Copy out the entries below exactly as they stand, but only from the line containing "Figura 20. LOTTO" through the line containing "RENOVATIONSBEDÜRFTIGES HERRENHAUS IN BASEL".

Top of EXERCISE INPUT

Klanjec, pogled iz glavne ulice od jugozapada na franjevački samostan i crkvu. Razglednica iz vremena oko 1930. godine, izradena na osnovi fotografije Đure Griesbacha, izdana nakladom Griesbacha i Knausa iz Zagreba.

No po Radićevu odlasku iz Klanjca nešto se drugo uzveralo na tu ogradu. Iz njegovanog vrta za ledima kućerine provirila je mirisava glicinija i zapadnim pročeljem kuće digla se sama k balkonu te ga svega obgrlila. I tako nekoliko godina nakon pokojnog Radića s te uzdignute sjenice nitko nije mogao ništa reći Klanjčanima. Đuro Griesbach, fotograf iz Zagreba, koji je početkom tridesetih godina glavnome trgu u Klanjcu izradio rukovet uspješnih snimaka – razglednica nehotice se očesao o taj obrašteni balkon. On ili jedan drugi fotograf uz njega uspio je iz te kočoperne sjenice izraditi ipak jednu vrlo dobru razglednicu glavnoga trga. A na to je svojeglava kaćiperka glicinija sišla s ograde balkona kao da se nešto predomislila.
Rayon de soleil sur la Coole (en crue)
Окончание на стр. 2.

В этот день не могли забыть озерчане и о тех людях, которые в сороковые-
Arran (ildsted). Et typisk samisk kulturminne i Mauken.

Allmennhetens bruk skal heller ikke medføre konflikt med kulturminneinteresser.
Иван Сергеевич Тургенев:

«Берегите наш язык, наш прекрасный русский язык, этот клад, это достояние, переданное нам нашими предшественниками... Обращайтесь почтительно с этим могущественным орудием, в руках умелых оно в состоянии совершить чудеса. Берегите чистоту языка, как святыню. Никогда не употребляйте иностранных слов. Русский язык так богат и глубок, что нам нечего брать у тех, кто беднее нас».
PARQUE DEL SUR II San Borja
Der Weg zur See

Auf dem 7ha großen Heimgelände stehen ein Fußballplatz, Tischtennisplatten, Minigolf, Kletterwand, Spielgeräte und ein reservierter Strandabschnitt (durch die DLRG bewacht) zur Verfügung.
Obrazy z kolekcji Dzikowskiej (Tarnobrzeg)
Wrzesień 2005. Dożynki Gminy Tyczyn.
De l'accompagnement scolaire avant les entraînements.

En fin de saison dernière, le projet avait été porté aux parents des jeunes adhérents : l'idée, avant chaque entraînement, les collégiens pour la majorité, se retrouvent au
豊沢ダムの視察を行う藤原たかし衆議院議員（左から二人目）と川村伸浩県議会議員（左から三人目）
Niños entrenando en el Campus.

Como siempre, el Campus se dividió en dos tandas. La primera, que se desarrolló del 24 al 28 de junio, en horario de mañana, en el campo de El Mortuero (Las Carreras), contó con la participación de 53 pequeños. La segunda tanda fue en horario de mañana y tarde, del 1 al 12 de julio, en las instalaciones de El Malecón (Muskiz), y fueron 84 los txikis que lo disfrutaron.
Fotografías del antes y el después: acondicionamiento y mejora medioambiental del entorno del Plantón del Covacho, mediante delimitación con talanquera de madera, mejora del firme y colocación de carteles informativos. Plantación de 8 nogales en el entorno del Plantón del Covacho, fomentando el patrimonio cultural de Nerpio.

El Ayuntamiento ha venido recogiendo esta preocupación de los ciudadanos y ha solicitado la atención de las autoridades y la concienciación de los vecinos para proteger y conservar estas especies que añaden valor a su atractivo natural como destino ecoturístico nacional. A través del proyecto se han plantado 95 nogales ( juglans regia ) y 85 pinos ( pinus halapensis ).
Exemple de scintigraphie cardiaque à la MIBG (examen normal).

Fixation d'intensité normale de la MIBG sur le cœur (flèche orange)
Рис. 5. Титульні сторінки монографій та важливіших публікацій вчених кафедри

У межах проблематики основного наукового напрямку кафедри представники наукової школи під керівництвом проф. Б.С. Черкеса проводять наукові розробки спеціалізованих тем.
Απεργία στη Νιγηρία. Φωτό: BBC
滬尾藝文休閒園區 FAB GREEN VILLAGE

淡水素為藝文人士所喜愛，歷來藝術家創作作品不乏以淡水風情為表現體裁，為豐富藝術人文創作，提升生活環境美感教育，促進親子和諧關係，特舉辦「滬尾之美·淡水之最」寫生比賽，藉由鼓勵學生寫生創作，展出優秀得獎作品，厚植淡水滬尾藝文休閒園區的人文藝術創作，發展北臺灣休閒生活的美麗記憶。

Bottom of EXERCISE INPUT
Top of EXERCISE INPUT

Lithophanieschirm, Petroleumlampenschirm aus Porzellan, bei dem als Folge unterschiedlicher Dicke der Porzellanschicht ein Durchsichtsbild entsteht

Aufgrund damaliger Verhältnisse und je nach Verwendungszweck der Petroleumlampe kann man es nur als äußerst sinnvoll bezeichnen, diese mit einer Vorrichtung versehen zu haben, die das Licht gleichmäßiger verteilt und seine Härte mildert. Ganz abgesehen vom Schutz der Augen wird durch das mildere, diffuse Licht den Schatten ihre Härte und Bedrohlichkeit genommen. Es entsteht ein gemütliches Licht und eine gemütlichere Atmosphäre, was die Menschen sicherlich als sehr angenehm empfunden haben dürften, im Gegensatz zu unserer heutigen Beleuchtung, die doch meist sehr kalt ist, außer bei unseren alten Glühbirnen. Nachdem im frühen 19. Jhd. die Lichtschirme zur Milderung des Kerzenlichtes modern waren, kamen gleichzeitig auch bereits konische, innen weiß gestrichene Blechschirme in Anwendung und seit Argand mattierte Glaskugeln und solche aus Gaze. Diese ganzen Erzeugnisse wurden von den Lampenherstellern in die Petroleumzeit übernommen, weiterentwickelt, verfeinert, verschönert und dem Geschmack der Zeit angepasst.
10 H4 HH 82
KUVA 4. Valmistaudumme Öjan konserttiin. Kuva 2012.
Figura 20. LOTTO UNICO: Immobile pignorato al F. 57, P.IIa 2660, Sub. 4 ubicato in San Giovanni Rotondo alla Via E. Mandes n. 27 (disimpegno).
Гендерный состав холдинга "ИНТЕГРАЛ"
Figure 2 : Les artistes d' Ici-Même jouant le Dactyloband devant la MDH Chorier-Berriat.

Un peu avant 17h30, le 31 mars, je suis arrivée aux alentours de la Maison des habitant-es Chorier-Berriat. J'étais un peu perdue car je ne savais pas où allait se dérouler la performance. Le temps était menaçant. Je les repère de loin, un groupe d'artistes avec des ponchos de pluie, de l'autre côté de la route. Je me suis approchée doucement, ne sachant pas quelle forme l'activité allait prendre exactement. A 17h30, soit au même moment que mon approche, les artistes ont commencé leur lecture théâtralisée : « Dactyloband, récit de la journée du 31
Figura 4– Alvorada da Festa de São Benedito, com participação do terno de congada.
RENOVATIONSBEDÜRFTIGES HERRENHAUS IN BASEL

Bottom of EXERCISE INPUT

▶ _ANSWER FOR THIS EXERCISE_:
Figura 20. LOTTO UNICO: Immobile pignorato al F. 57, P.IIa 2660, Sub. 4 ubicato in San Giovanni Rotondo alla Via E. Mandes n. 27 (disimpegno).
Гендерный состав холдинга "ИНТЕГРАЛ"
Figure 2 : Les artistes d' Ici-Même jouant le Dactyloband devant la MDH Chorier-Berriat.

Un peu avant 17h30, le 31 mars, je suis arrivée aux alentours de la Maison des habitant-es Chorier-Berriat. J'étais un peu perdue car je ne savais pas où allait se dérouler la performance. Le temps était menaçant. Je les repère de loin, un groupe d'artistes avec des ponchos de pluie, de l'autre côté de la route. Je me suis approchée doucement, ne sachant pas quelle forme l'activité allait prendre exactement. A 17h30, soit au même moment que mon approche, les artistes ont commencé leur lecture théâtralisée : « Dactyloband, récit de la journée du 31
Figura 4– Alvorada da Festa de São Benedito, com participação do terno de congada.
RENOVATIONSBEDÜRFTIGES HERRENHAUS IN BASEL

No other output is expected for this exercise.